WL: Market dynamics do count. Is it a problem that the industry appears to be embracing the same approach to licensing? Like the "lemmings off the cliff" analogy, could we all be pursuing the same opportunities to the detriment of optimal returns?
Bonifant: Companies have different priorities even if the criteria in evaluating targets and opportunities are similar. That tends to keep things fluid. Another element is reputation: companies like Genentech or Shire have been able to establish themselves as "first to play" in specific therapeutic areas and thus people will tend to follow their lead.
Randy Guggenheimer, Young & Partners: The industry tends to talk to the same experts. It is not surprising that companies will form similar conclusions. On the science side, discoveries are made, the papers are written, everyone reads them, and judgments are made as to whether these open a new commercial pathway. Companies also know that valuations are determined in part by what Wall Street likes. People have to pay attention because if Wall Street is already fired up then the deal will be seen as attractive.

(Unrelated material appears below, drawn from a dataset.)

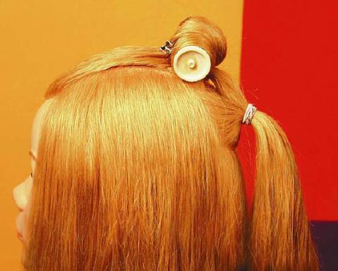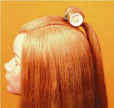 Отделите верхнюю половину второго хвоста и накрутите ее на бигуди аналогично второму шагу

Gwen Melincoff, Shire: When we acquired TKT in 2005—a very good deal for the record books —the initial reaction from Wall Street was negative; it drove our share price down as the analysts did not understand the rationale for Shire wanting to be in the orphan drug space. Once we went out and explained how this acquisition fit our overall business plan the situation turned around completely. This reveals the importance of clearly communicating the ways in which your strategy differentiates you against the competition—and, actually, the orphan space is hot.
WL:With this initial discussion around the Campbell survey as background, can we now focus on your assessment of the most important drivers of action on the licensing and deal-making front this year?

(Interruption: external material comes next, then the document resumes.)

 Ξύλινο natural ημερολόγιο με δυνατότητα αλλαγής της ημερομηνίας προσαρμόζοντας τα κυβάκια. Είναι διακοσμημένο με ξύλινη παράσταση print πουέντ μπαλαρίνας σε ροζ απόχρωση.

Stephen Simes, Biosante: The industry is obsessed with managing risk, perhaps overly so. The desire to avoid it has never been higher. Companies are sitting on huge stockpiles of cash that they won't invest or will invest reluctantly. The US tax structure discourages repatriation of overseas profits but the larger explanation may be because the planning cycle is so unpredictable. Companies are retrenching in many areas that are seen as critical to future innovation, as evidenced by Pfizer's decision to trim upwards of $2 billion from its annual R&D budget. This has implications for jobs and economic growth here in the US but also in other markets that favor the biopharmaceuticals sector as an industrial policy priority.
Davis: A key driver is the dawning awareness that the US is no longer going to subsidize the rest of the world in paying for pharmaceutical R&D. The domestic pricing environment going forward is likely to be much more like Europe. Anticipation of that is a key element why concerns about risk have increased. Likewise, the global consensus around IP is eroding and the impact of some changes could reduce the effective life of a patent by five years or more. Valuations would have nowhere to go but down.

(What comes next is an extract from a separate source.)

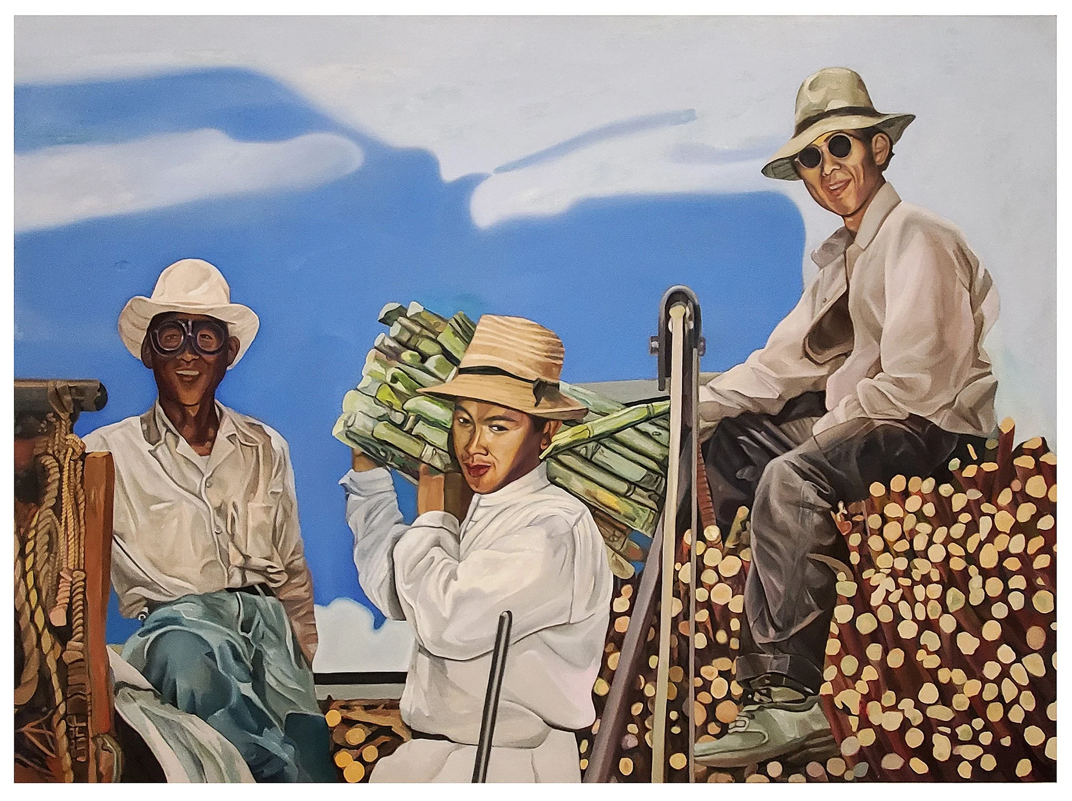Dominic Mangila’s solo exhibition “Pastures of Plenty” features a series of works that combines history painting and meta-narrative of the Manong Generation (Filipino immigrant farm workers in the United States in the early 20th century). “Pastures of Plenty” is culled from the song of the same title by Woodie Guthrie which describes the travails and dignity of migrant workers in North America.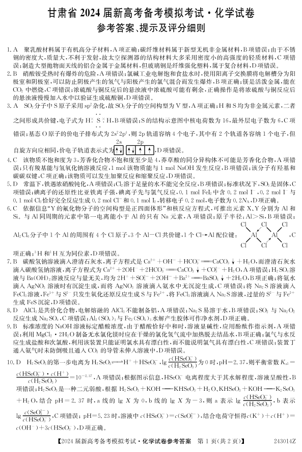 甘肃省 2024 届新高考开学模拟考试化学答案

Beth Fordham-Meier, Targacept: IP is vital to maintaining a credible planning cycle in an industry with such long-term payouts. Yet the trend in public policy is not to extend the period of exclusivity for small molecules and even to reduce exclusivity for new drug technologies like biosimilars. The Obama Administration thinks this will offer large savings to purchasers, but the rationale is wrong: Companies will be reluctant to invest in innovative new products for patients if the period of market exclusivity isn't sufficient to offset the cost and risk. So the savings the Administration is banking on may never be realized because the new products on which the calculation is based may not come to market.
DeBenedetto: All of the areas where future growth is perceived to be high carry with them an equally high threshold of uncertainty and risk. The best example is the emerging country markets. Breaking out from the pack to succeed in China is becoming harder every day. What this means is it's more of a challenge for two parties to get to an agreement on valuing a deal, which is why about three-quarters of the deals being negotiated today include contingent valuation rights clauses, because uncertainty is so hard to measure.
Melincoff: We also have to acknowledge the impact this has internally within many of the smaller companies in biotech, where you have a board of directors that expects the company to do the "big deal" and the management team which has to confront these on-the-ground realities. This perception gap is frequently overlooked as to why so many negotiations fall short of goal.
John Craighead, Biotechnology Industry Organization (BIO): Public policy has a deep impact on industry investment. Large pharmaceutical companies are sitting on a lot of cash, but the unfavorable US corporate tax rate makes it more challenging to expand investment with this capital. One possible driver of success is to structure investments around offshore entities that moderate the tax exposure.
Fordham-Meier: Another trend is the insistence of payers that new medicines demonstrate clear clinical differentiation against existing therapies. This poses more challenges to the drug developer, but on the positive side it forces everyone to be more innovative and demonstrate clear benefit to patients.
Guggenheimer: The current pipeline emphasis on specialty orphan drugs has not been evaluated in terms of the impact on pricing and future innovation. The prices for many of these inventions are staggering, the treatment effect is sometimes quite modest, and the eligible population is low. If the industry allows the perception to root that these "designer drug" prices represent the norm, then it is in trouble politically.
WL: Considering that collectively these drivers are making the deal-making environment more volatile, what practical measures are companies taking to mitigate risk?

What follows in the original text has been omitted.